Today

Today I spoke to both the 8:00 and 10:15 services at Hope.

Below is what I said:

I came to Hope, four years ago, Easter Sunday.  I had been looking for a church my entire adult life and the second I walked into this building, I knew I had found a home.  Five months later I began the discernment process for becoming a priest and the day after that I was confirmed here at Hope.  I became a postulant for Holy Orders.  I was taking a seminary class at night and teaching middle school during the day.

I was the happiest I had ever been in my life. I had a purpose to my life and then I lost it all.

Where do you find purpose when it takes all your energy to walk the ten feet from the recliner to the kitchen or to the bathroom?  When fevers send you to the emergency room?  When pain wakes you up at night?  When joints are so swollen you cannot move them?  When vertigo stops you from driving and makes even the shortest trips in the car, the worst roller coaster ride of your life?

It would take years for a diagnosis.

Mixed Connective Tissue Disease with Lupus-like symptoms.
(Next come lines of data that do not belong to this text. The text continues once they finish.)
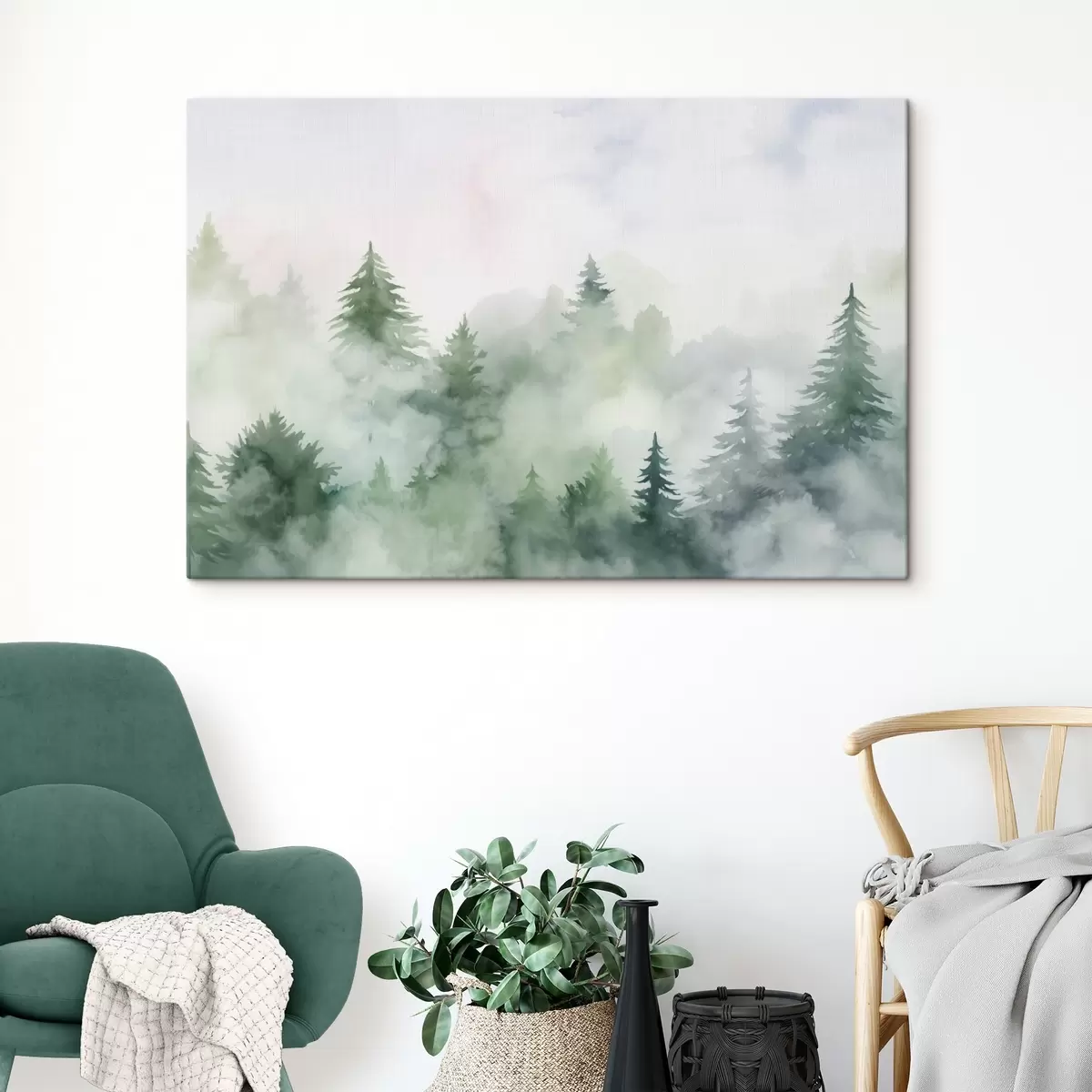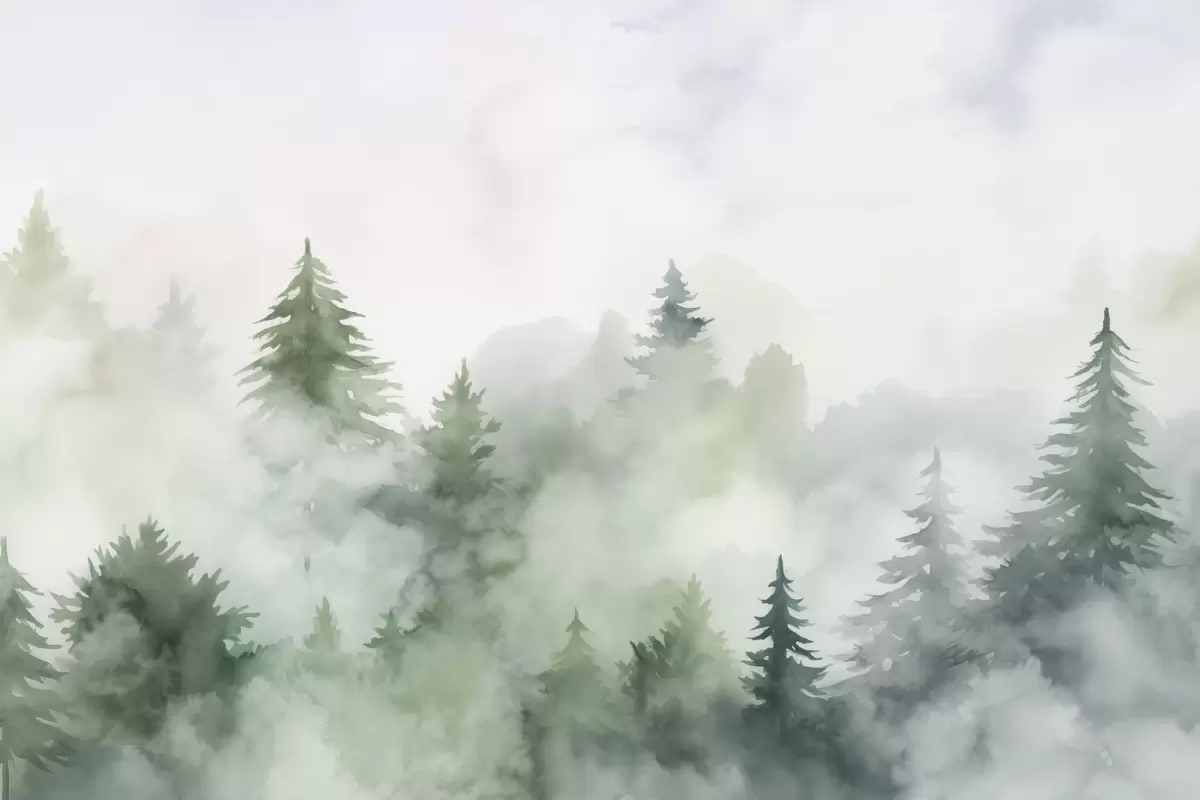 Wandbilder Wald im Nebel Nachahmung von Aquarell Art. s45343
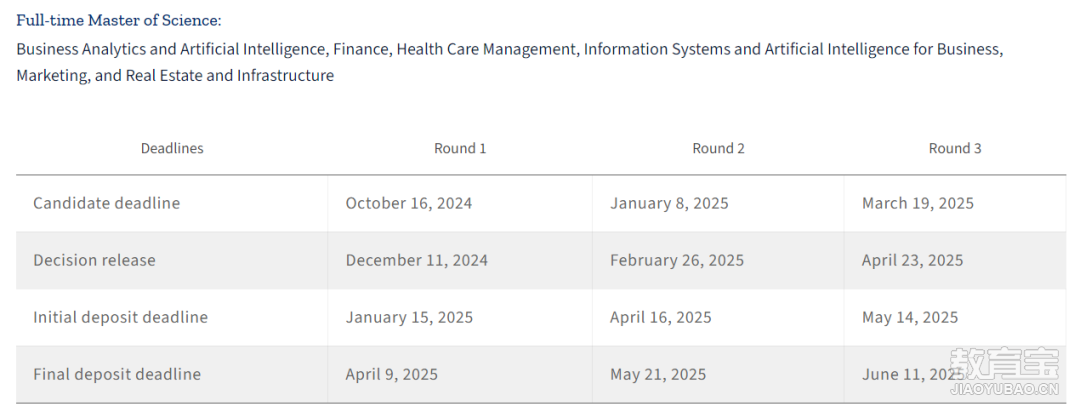 *金融学*信息系统*市场营销*健康保健管理*房地产和基础设施*商业分析与人工智能申请截止日期:第*轮:2024年10月16日第二轮:2025年1月8日第三轮:2025年3月19日
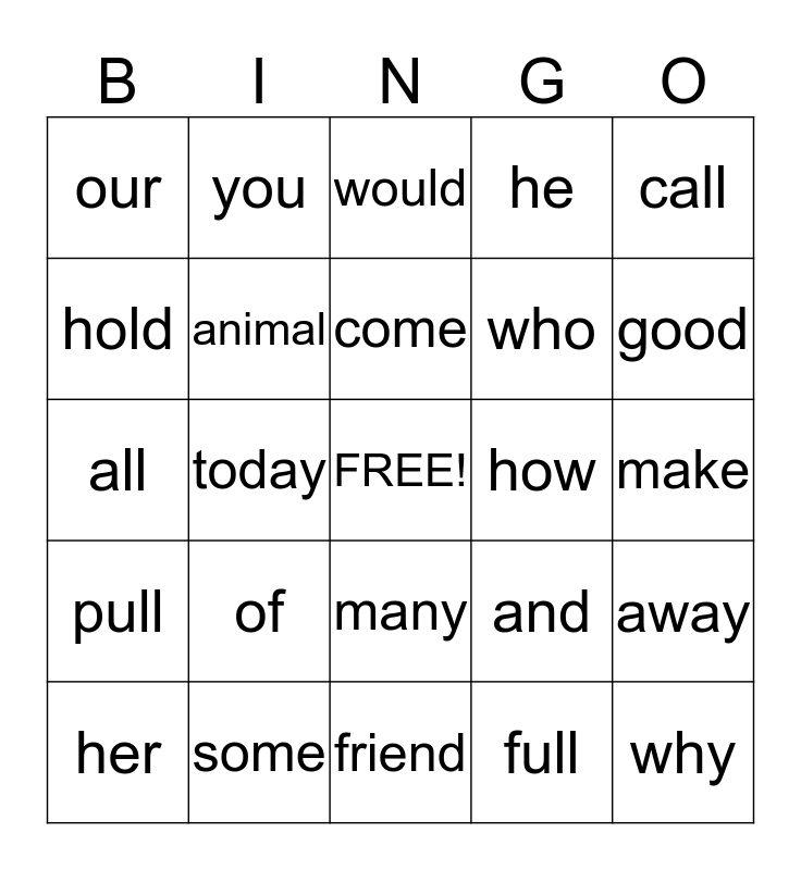 This bingo card has a free space and 29 words: her, she, today, now, our, would, animal, of, how, some, make, why, friend, full, good, hold, many, pull, call, all, and, what, who, hold, he, you, away, come and call.
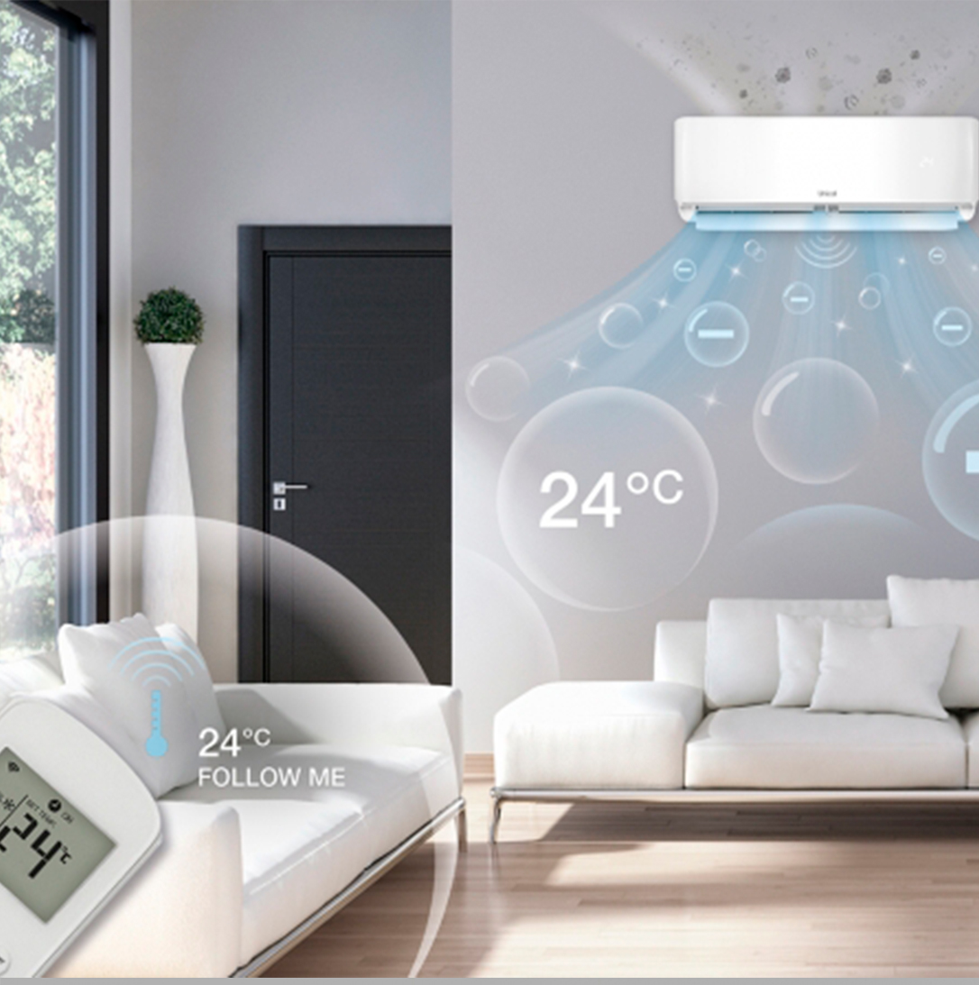 - Funcția „FOLLOW ME”: mod exclusiv care conferă telecomenzii funcția de termostat: aceasta garantează atingerea efectivă a temperaturii dorite a camerei într-un mod precis și rapid și un confort de 360° atât în modul de încălzire (iarna), cât și în cel de răcire (vara).
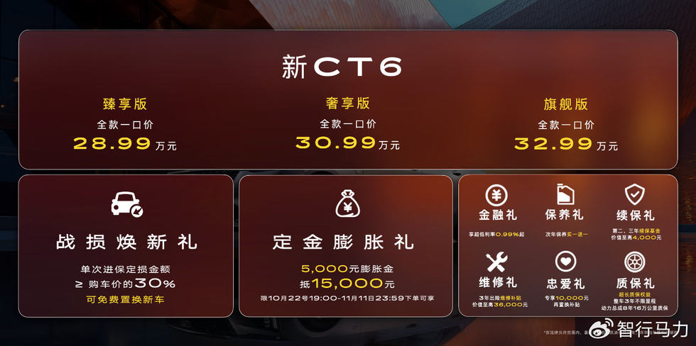 凯迪拉克以创新虚拟现实技术发布百万级磁浮底盘,搭载该底盘的全尺寸旗舰轿车凯迪拉克新CT6也同步正式上市。新CT6优化配置结构,精简为臻享、奢享、旗舰三款车型,配置全面升级,全款一口价28.99万元起。同时,新CT6重磅推出备受用户好评的“战损焕新礼”——单次车损超过购车价三成可置换等价新车,目前已有超过60位凯迪拉克车主享受该权益。不仅有未来的安心保障,凯迪拉克更带来了当下可享的诚意,即日起至“双十一”,用户可享5000元定金抵15000元购车款的限时膨胀礼遇。不仅如此,新CT6还带来了忠爱礼、续保礼、金融礼、保养礼等八大权益。凯迪拉克新CT6诞生于品牌专属旗舰豪华后驱平台,不仅搭载百万级磁浮底盘,更融合品牌先锋设计语言与极致豪华细节,为用户带来顶级驾驶乐趣与越级乘坐体验。即刻下定凯迪拉克新CT6,解锁专属百万级豪华奢享新境!
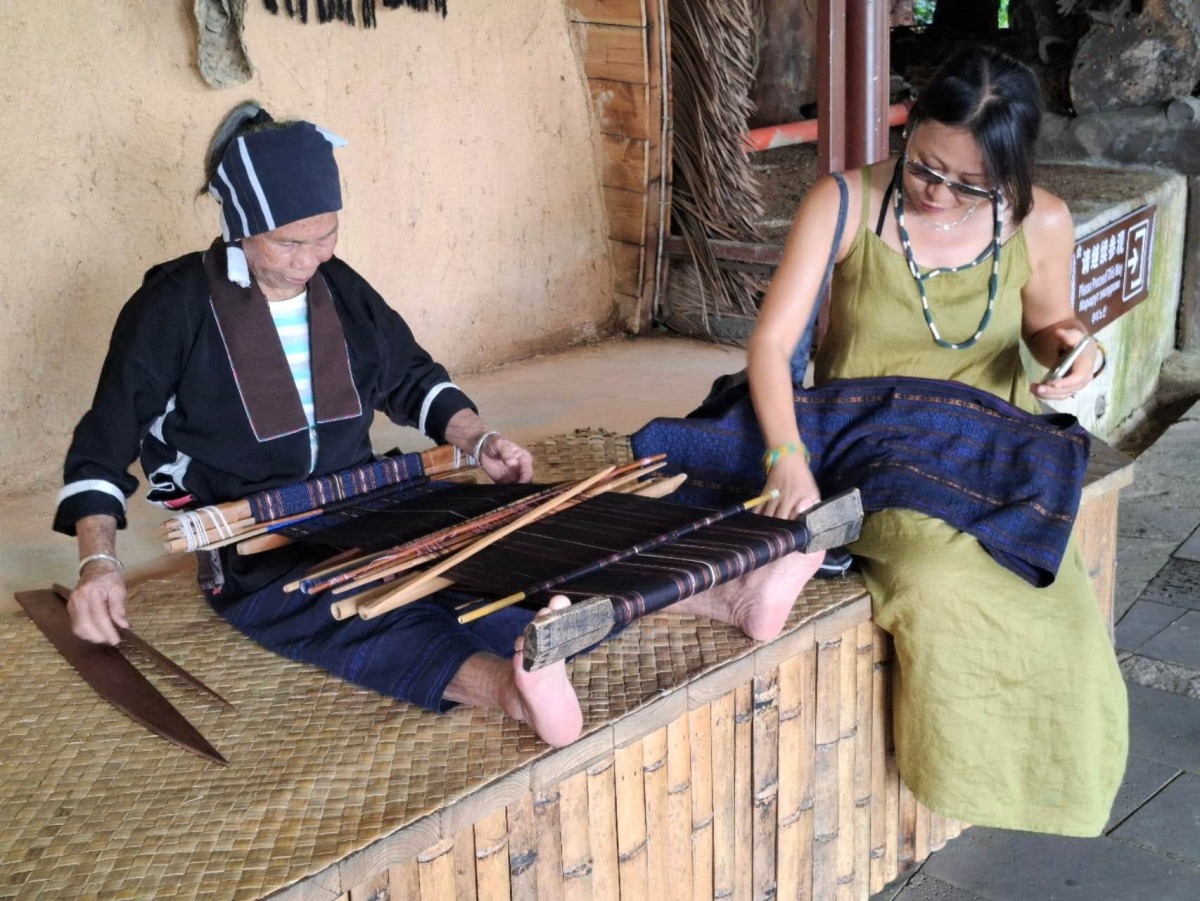 Michelle Wu at a backstrap weaving place in South China.
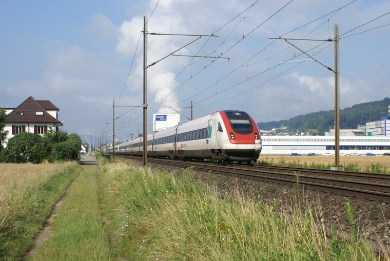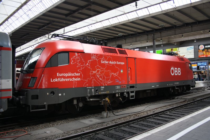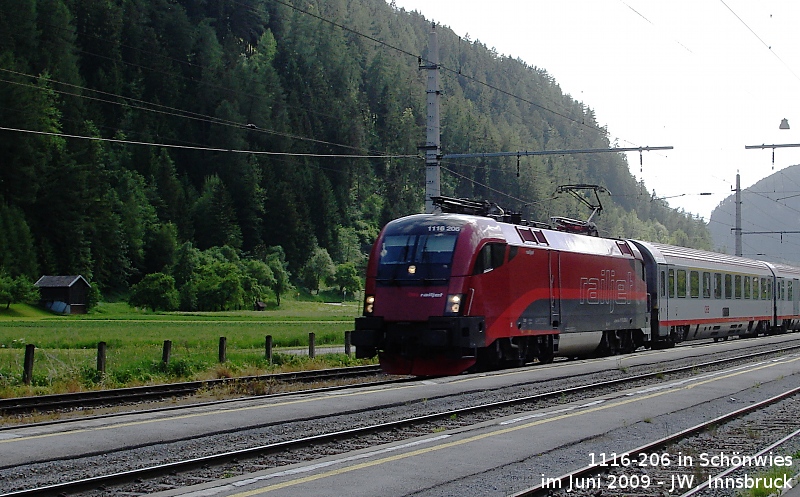 1116-206 durchmißt mit ihrem Eurocity Schönwies auf dem Wege nach Osten, wo sich morgens die Sonne mit himmlischem Fernlicht aus dem Dunkel der Nacht erhebt gleich einer mächtigen Lok am Firmament. Im Juni 2009 kHds
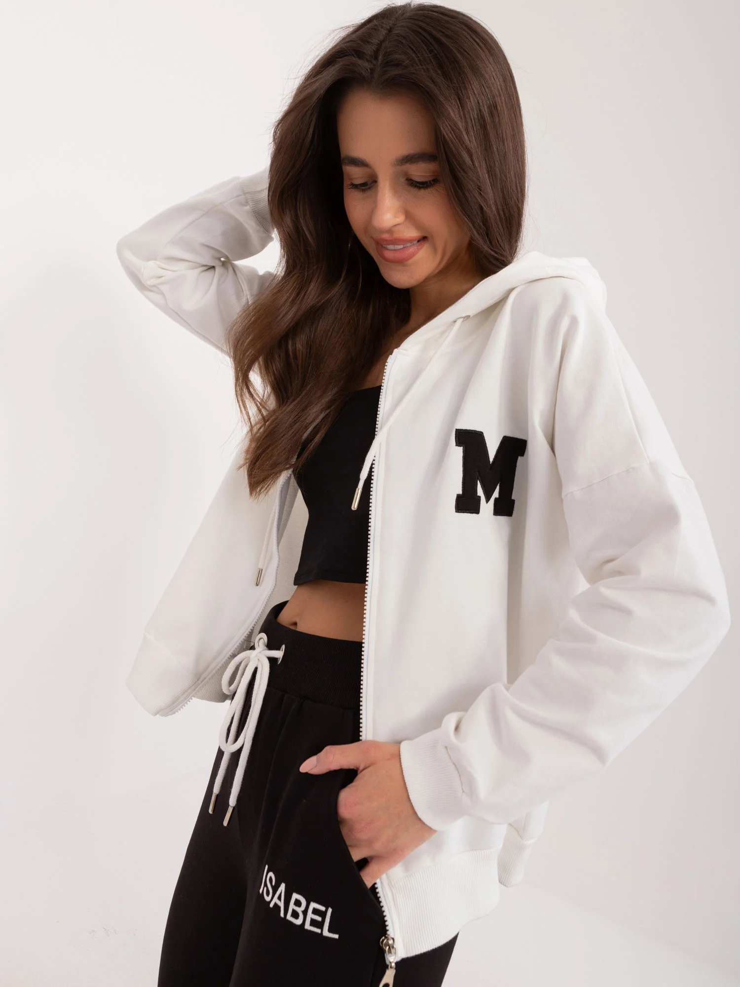 Modelka má na sobě velikost S/M. Rozměry modelky: výška 172 cm, prsa 88 cm, pas 63 cm, boky 92 cm. Rozměry soupravy ve velikosti S/M měřené na plocho: šířka halenky v podpaží - 62 cm, délka rukávů - 42 cm (od švu), obvod v bocích - 48 cm, délka halenky - 59 cm, šířka kalhot v pase - 35 cm, obvod v bocích - 46 cm výška stavu - 30 cm, délka kalhot - 95 cm.Velikost alt.VýškaObvod hrudníkuVnější délka rukávuVnější délka rukávuS/M36/38160-17282-8659-6149-51L/XL40/42164-17891-9663-6553-55

I went on medical leave from work.

I stopped seminary.

I felt like I had lost everything that mattered to me.  I had no purpose.

But then last summer a friend of mine texted me about a photographer named Mark Hirsch who spent every day, for a year, taking a picture of a tree on his property.

And so I decided to do something similar.  I needed a reason, every morning, to get out of the house.

And I made Hope that reason.  I made God that reason.

I decided to come here, to the church, every day, for as long as I could, and take pictures and post them online and write about them.

It was difficult.  I came here on days I was dizzy and on days when I was sick.  I came here in the bitter cold and the driving rain.  But each day, I came because each day I found God waiting for me here.

He was here in the silence and the stillness.  He was in the waiting anticipation of the osprey.  He was in the brightly colored coat of the cardinal, standing proud high in the trees.  He was in the lonely leaves floating in the water.  He was in the dewdrops clinging to the flower petals.

And even after I passed one hundred days in a row of coming here, I couldn’t stop.

I couldn’t help myself.  Because when I am here every morning, usually at sunrise, I am here to be with God.  I am here to pray.  I am here to listen.  I am here to marvel at that smallest things that God has created, the smallest things that are so beautiful and went so unnoticed for most of my life.

Today is sixth months to the day since I first started my daily journey here.  One hundred eighty-three days of Hope.

The challenge is still ongoing.  Coming here has made me stronger.  It’s increased my faith.  It has restored my faith.  And it’s a story I have longed to share with you.